The Norfolk Stonewort Acton Plan brings together actions for five separate stonewort species. It should be noted that despite the Bearded Stonewort being considered extinct in Norfolk, it remains within the Norfolk BAP because of the capacity of stonewort populations to regenerate from oospores stored in the sediment under the right habitat conditions.

  • Maintain and enhance the population of Starry Stonewort, Convergent Stonewort, Baltic Stonewort and Intermediate Stonewort in three Upper Thurne Broads (Martham North and South and Blackfleet Broads), with no loss of species.
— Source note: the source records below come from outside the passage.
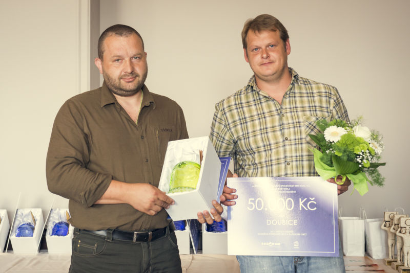 Na fotografii: 1. místo v kategorii obcí – obec Doubice – Ing. Jan Drozd, starosta; Břetislav Jemelka, místostarosta
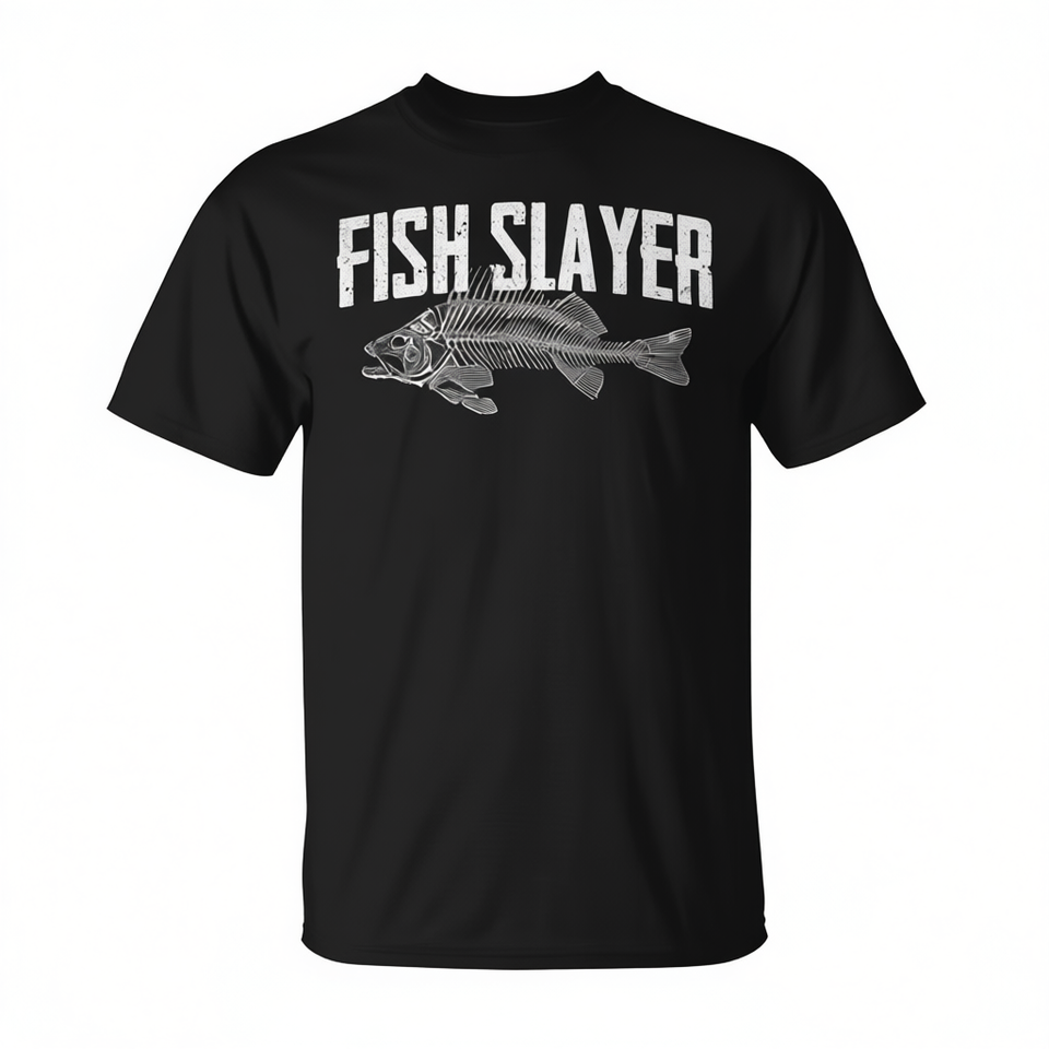 T-shirt da pesca Fish Slayer Nera Unisex Taglia adulto S M L XL XXL
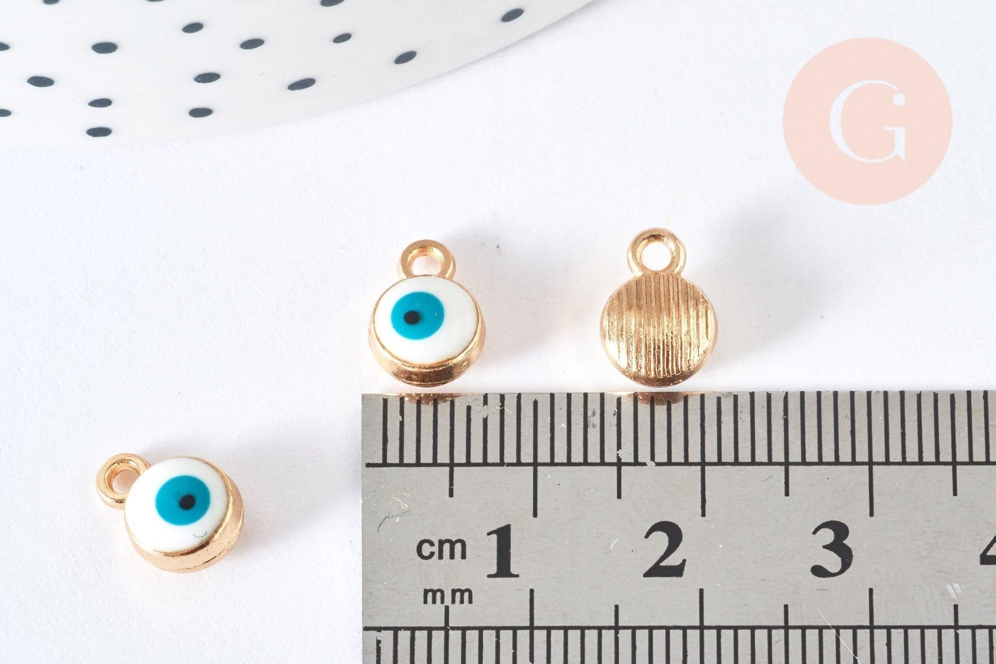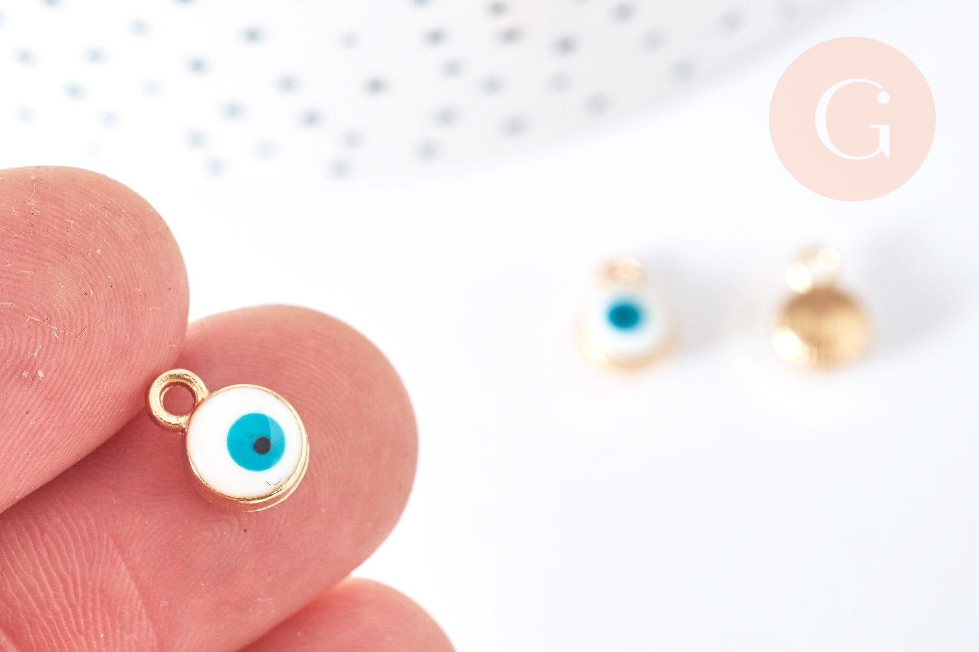 Encanto de ojo redondo de esmalte blanco 10 mm, colgante de resina contra el mal de ojo, creación de joyería de la suerte, x 10 G7117
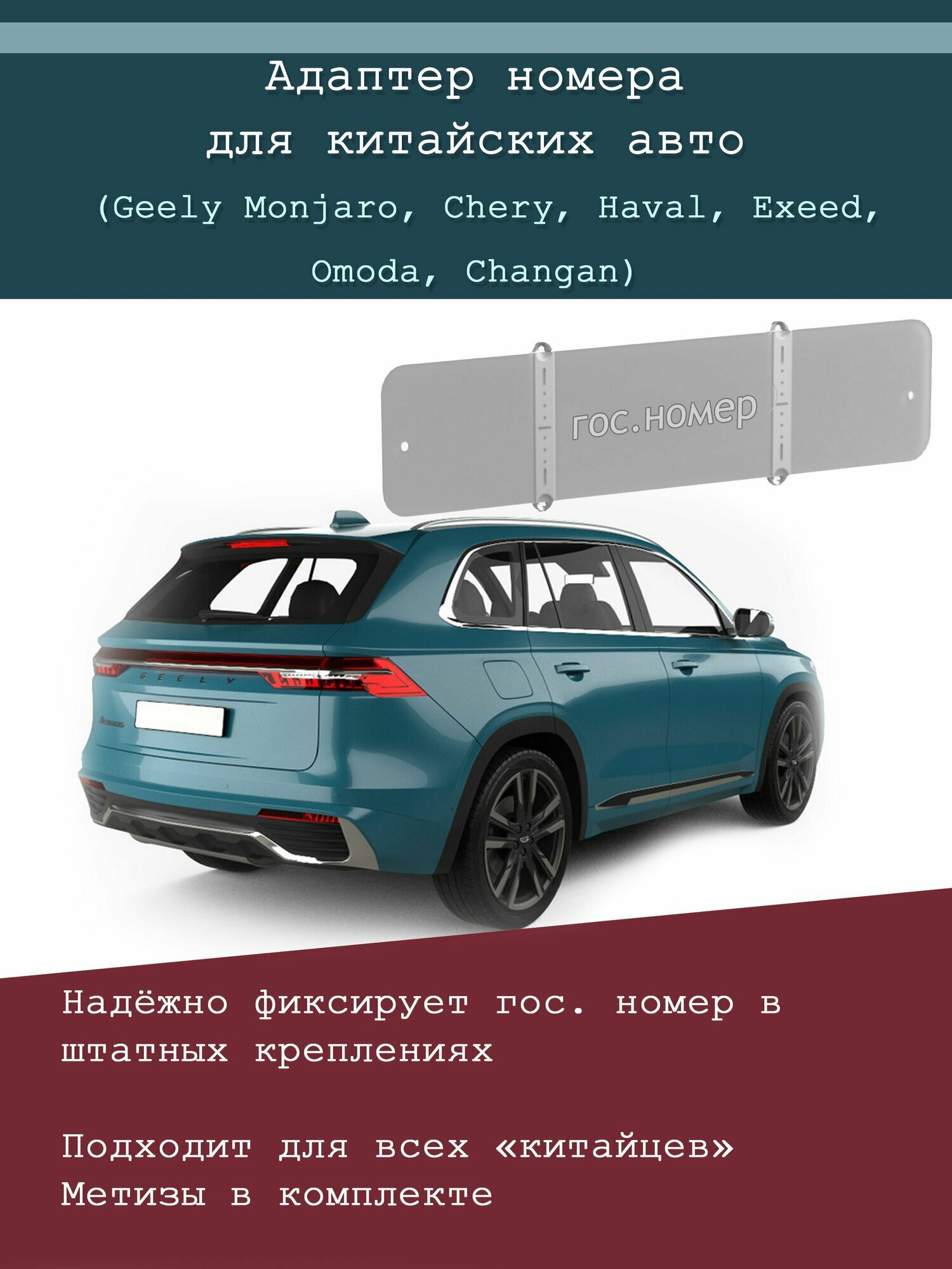 Купить Адаптер номера авто для китайских автомобилей. Переходник номерного знака Geely Changan Li Jetour Chery Haval Exeed Tank
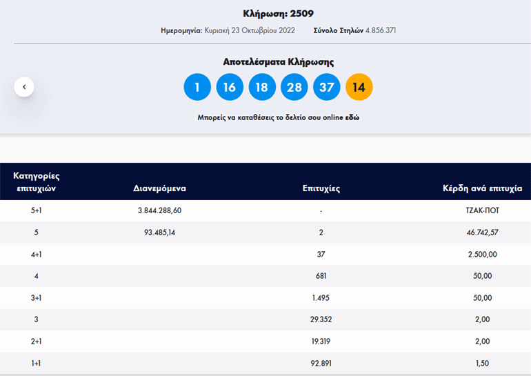 Χωρίς νικητή στην πρώτη κατηγορία ολοκληρώθηκε η κλήρωση και η διαλογή στο Τζόκερ. Αντίθετα, στη δεύτερη κατηγορία βρέθηκαν δύο δελτία που κερδίζουν από...
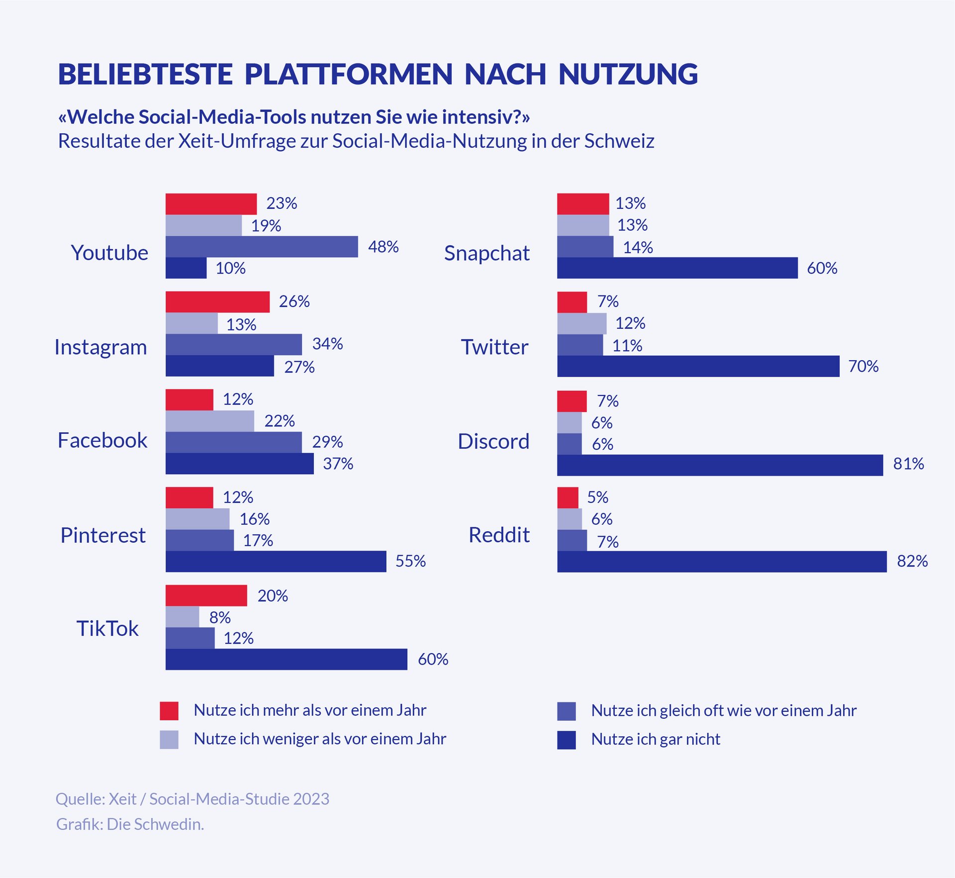 Die Nutzungszeit hat über das letzte Jahr hinweg vor allem bei Instagram und TikTok zugenommen, am stärksten gesunken ist sie bei Facebook. Trotz allem sind noch immer 63 Prozent der Schweizer:innen zumindest gelegentlich auf Facebook anzutreffen. Und erstaunlicherweise sind fast die Hälfte der aktiven Nutzer:innen zwischen 24 und 44 Jahre alt, während nur ein Drittel über 45 Lenze zählt. Facebook liegt in puncto Nutzung in der Schweiz auf Platz drei hinter Youtube1 (90 Prozent) und Instagram (73 Prozent).
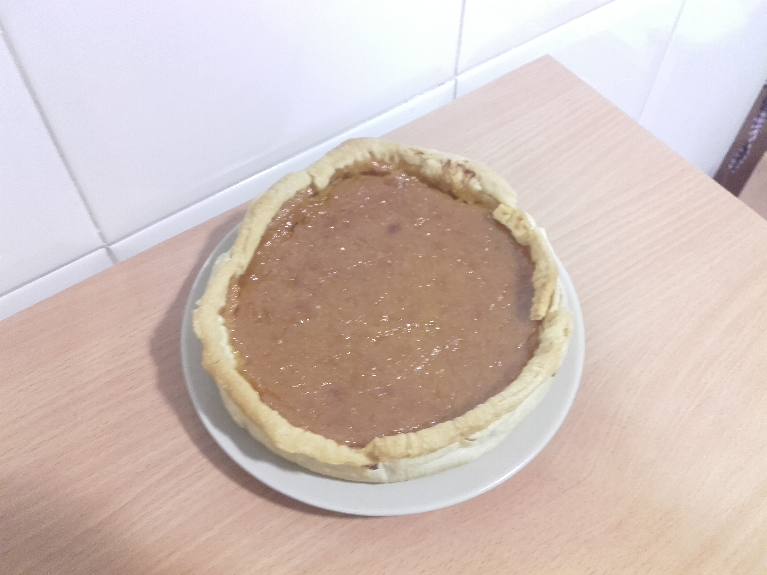 8. Echamos la mezcla en la base de masa quebrada. No sube, así que podéis llenarlo hasta arriba.
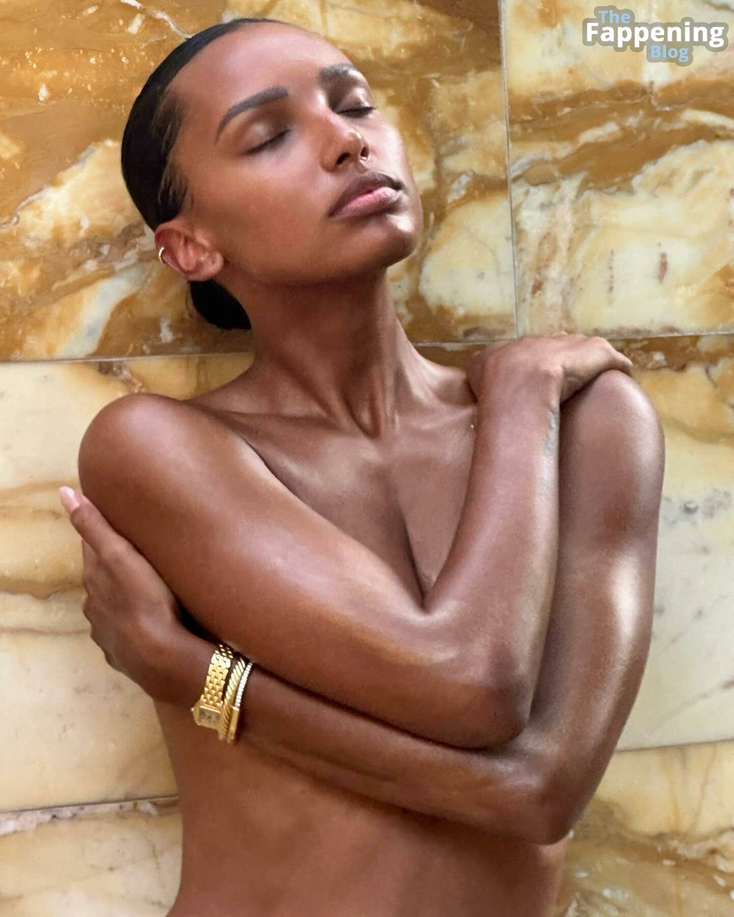 Echa un vistazo a la cautivadora Jasmine Tookes mientras posa topless en una sesión de fotos para redes sociales, mostrando su impresionante belleza.
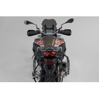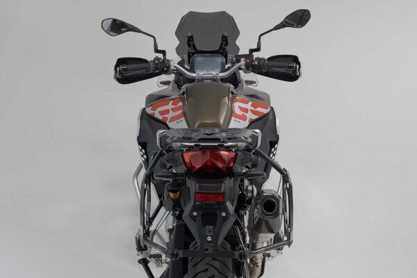 The Adventure set luggage for the BMW F 850 GS Adventure includes the PRO side carriers and matching ADVENTURE-RACK. The side carriers and rack are attached to the bike-specific attachment points and offer a secure hold for the silver TRAX ADV aluminum cases.
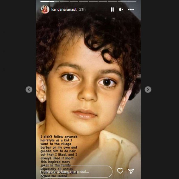 वहीं, कंगना ने बचपन की अपनी दूसरी तस्वीर के कैप्शन में लिखा-‘ मैंने बचपन में भी किसी का हेयरस्टाइल फॉलो नहीं किया। मैं गांव के बार्बर के पास जाती थी और जो हेयरकट मुझे पसंद आता था मैं करवा लेती थी। मुझे हमेशा छोटे बाल पसंद आते थे। जिस कारण मेरे कई अंकल मुझे इंदिरा गांधी बुलाते थे।’
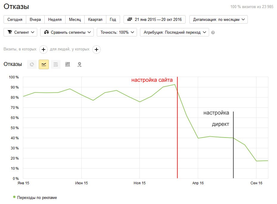 Последующая настройка директ позволила снизить параметр отказов до 20%.
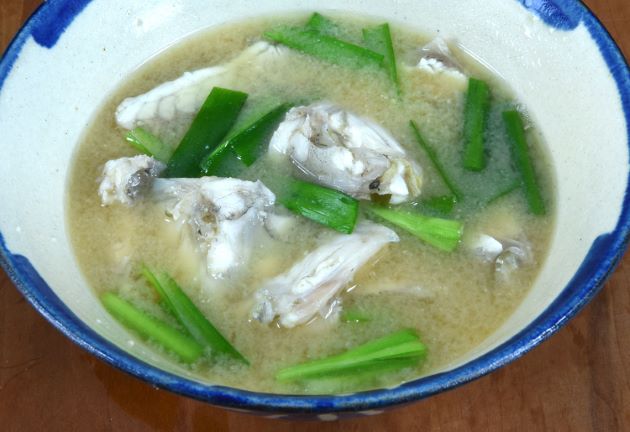 ショウサイフグのみそ汁 水洗いして水分をていねいにとる。できればペーパータオルにくるんで半日以上寝かせたいが、そこまでする必要はないかも。適当に切り、湯通しして冷水に落として霜降りにする。水分をよくきり水から煮出してみそを溶く。クリックで閉じます![]()

By 2012, all waterbodies should contain self sustaining, extensive populations of these BAP stoneworts. Seven out of ten sample points should include these stoneworts. Stonewort beds should cover a minimum of 50 percent of the euphotic zone, with beds being confluent.
  • Promote expansion of one or more of the following stoneworts: Starry, Convergent, Baltic and Intermediate, to thirteen broads by 2012 (Heigham Sound, Horsey Mere, Hickling, Mautby Decoy, Upton, Strumpshaw, Cockshoot, Ormesby, Barton, Alderfen, Cromes, Buckenham and Hassingham Broads). A further six broads should be home to populations of these stoneworts by 2015 (Barnby, Little, Ormesby Little, Rollesby Belaugh and Bridge Broads). In addition, the range should be expanded to two newly created waterbodies (Whitlingham and Thorpe Marshes Broads) by 2012. Most of these waterbodies listed have more common non-BAP stoneworts present; the aim is to encourage annual occurrence of the rarer BAP stoneworts. Expansion will be mainly facilitated through habitat improvements, such as nutrient removal and biomanipulation, although reintroduction into suitable broads should be considered where appropriate.
  • By 2012, establish one experimental population of one or more of the following stoneworts: Starry, Convergent, Baltic and Intermediate, in a waterbody outside Broadland, which is less likely to be affected by sea level rise and coastal breach.
  • Re-establish a population of Bearded Stonewort at one, suitable historic site in Norfolk through habitat restoration or re-introduction by 2012.